En la cumbre del G-7, en Tokio, volverían a reunirse. Y otro paquete de ayuda de miles de millones de dólares llegaría a Moscú a cambio de un programa de reformas y privatizaciones. Una política que despertaría críticas. Leslie Gelb advirtió en el New York Times que “arrojar dinero en una economía que está hundiéndose en la anarquía política, en el despilfarro y en la corrupción no parece ser una idea brillante”.
Porque en medio de las dificultades domésticas, para entonces Rusia atravesaba el trauma del cambio de estatus internacional que siguió a la pérdida de su imperio. Mientras se resistía a aceptar una nueva realidad geopolítica en la que se le reservaba un rol de potencia de segundo orden.
La expansión de la OTAN a lo largo de los territorios que antaño pertenecieran al Pacto de Varsovia se transformaría en el eje de las diferencias entre Moscú y Occidente. Liberadas del yugo comunista, las naciones de Europa del Este abrazarían el “euroatlantismo”, despertando inevitables inquietudes en el Kremlin. Tal como explicaría el propio Vaclav Havel en su obra “Summer Meditations”. Cuando advirtió que desde un punto de vista militar y estratégico, ningún país quiere verse rodeado por una alianza poderosa a la que no tiene acceso.
Durante un tiempo, Yeltsin creyó esquivar la expansión de la OTAN, pero a partir de 1996, se sentiría “traicionado”. Después de todo, el 9 de febrero de 1990, el Secretario de Estado James Baker III había asegurado a Mikhail Gorbachov que la unificación alemana no supondría que la OTAN se extendería “ni un paso” hacia el Este.
Pero evocando el viejo refrán que señala que no existe mayor distancia en este mundo que la que ofrece un malentendido, la disputa tendría consecuencias decisivas que pueden apreciarse en el conflicto que envuelve hoy a Rusia y a Occidente.
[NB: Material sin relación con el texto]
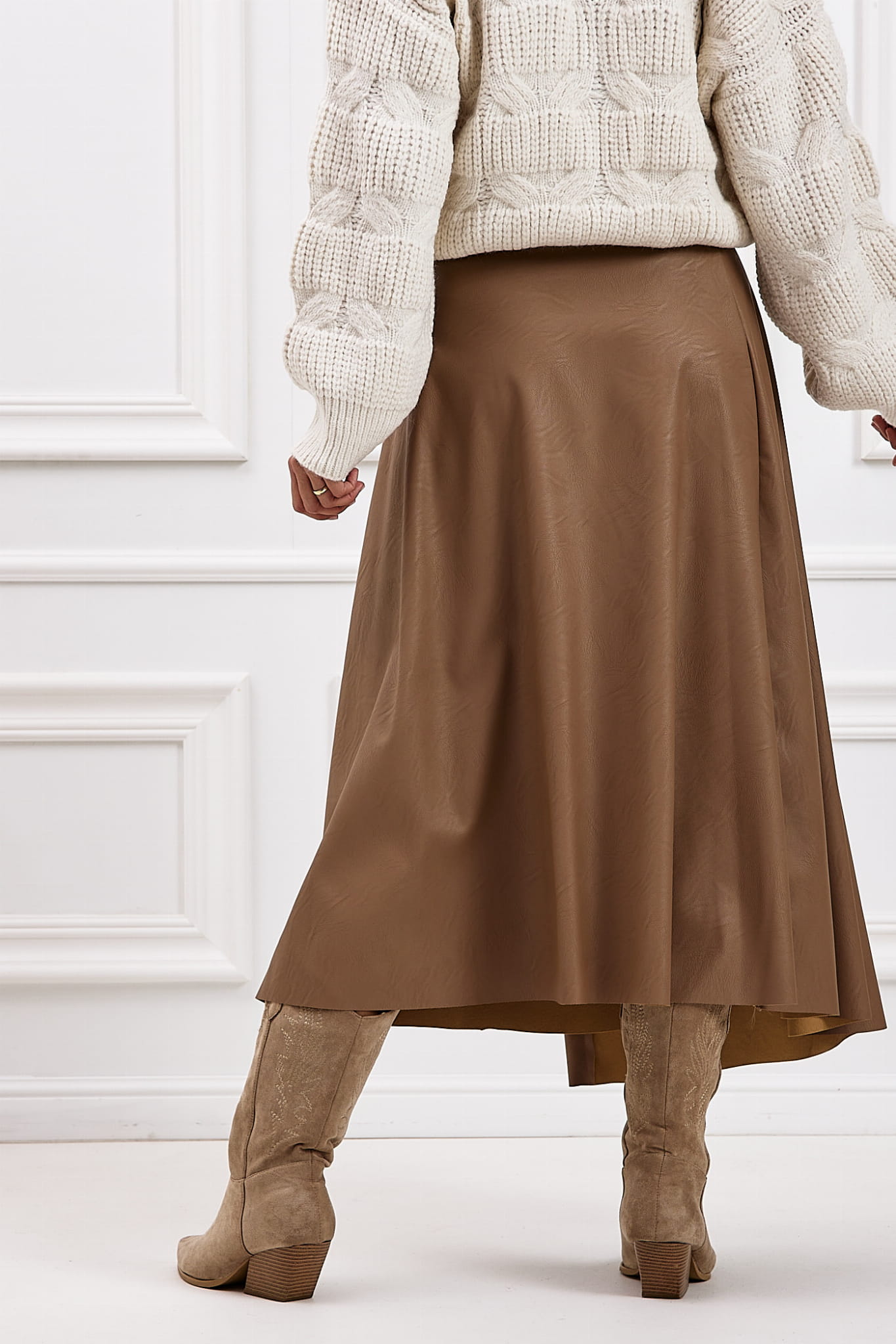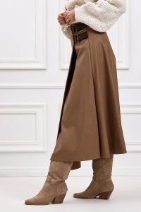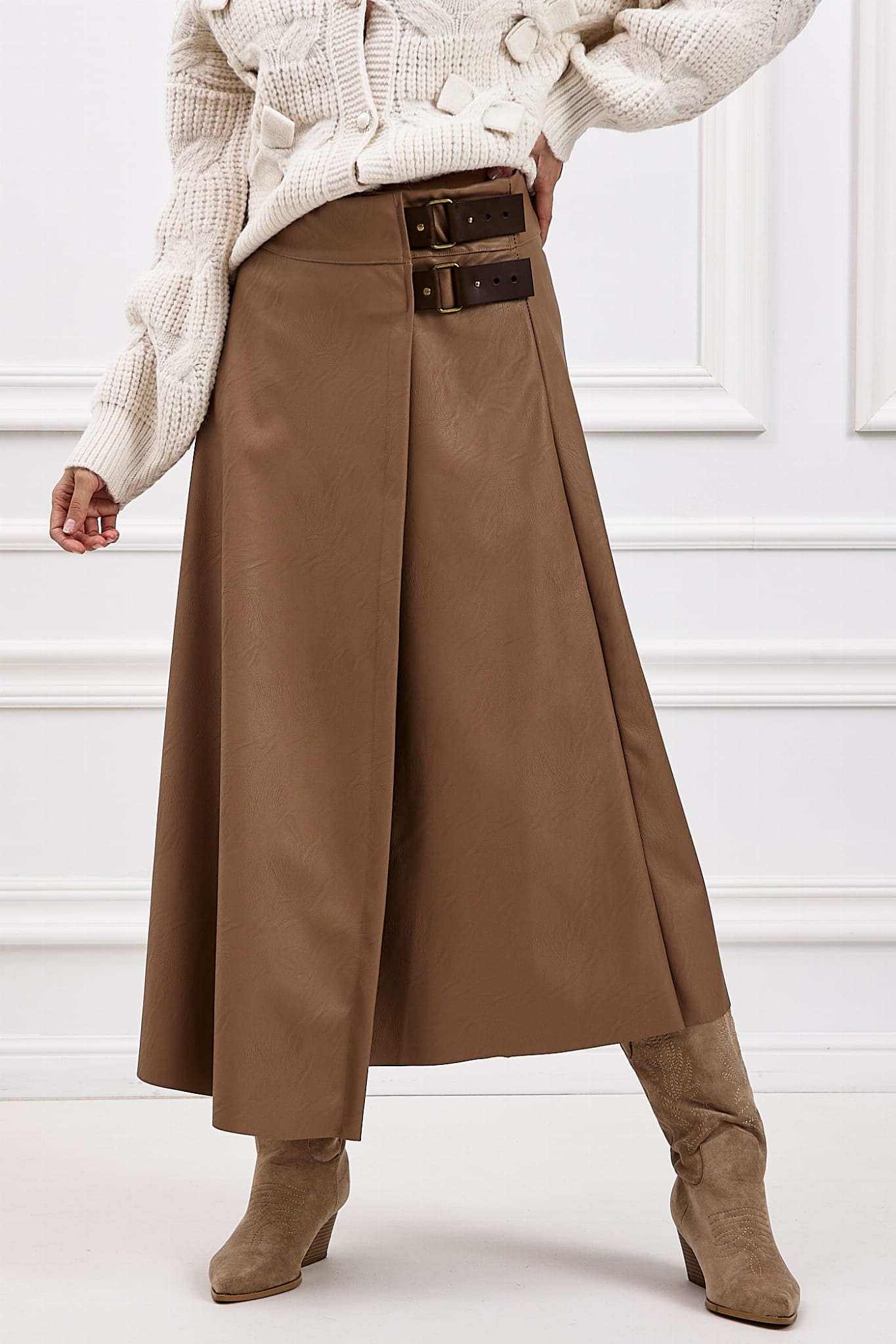 Spódnica damska ze sztucznej skóry camel z klamrami moda włoska

Porque a pesar de las seguridades ofrecidas, en enero de 1994, Clinton reconocería que “la cuestión no es saber si la OTAN tendrá nuevos miembros, sino cuándo y cómo eso sucederá”. Incluso, en septiembre de ese año, en una visita a la Casa Blanca, Yeltsin escucharía de boca de Clinton que Rusia era “elegible” para una membresía de la OTAN.
Los hechos, aquellos verdaderos tiranos de la historia, demostraron que el optimismo de los 90 fue exagerado. Hoy, los valores occidentales de libertad, economías abiertas y respeto a los DDHH nuevamente aparecen amenazados, por factores externos y por las propias equivocaciones de sus líderes.
Ya en 2014, en medio de la crisis por la anexión de Crimea, Ian Bremmer reflexionó que Rusia no podía obligar a Ucrania a permanecer eternamente en la órbita de Moscú. Pero al mismo tiempo admitió que ninguna potencia, ni siquiera la más poderosa de todas, podía impedir que los rusos dejaran de intentarlo. El fundador del Eurasia Group anticipó que las sanciones podían hacer daño a largo plazo pero no cambiarán la forma de pensar de Vladimir Putin.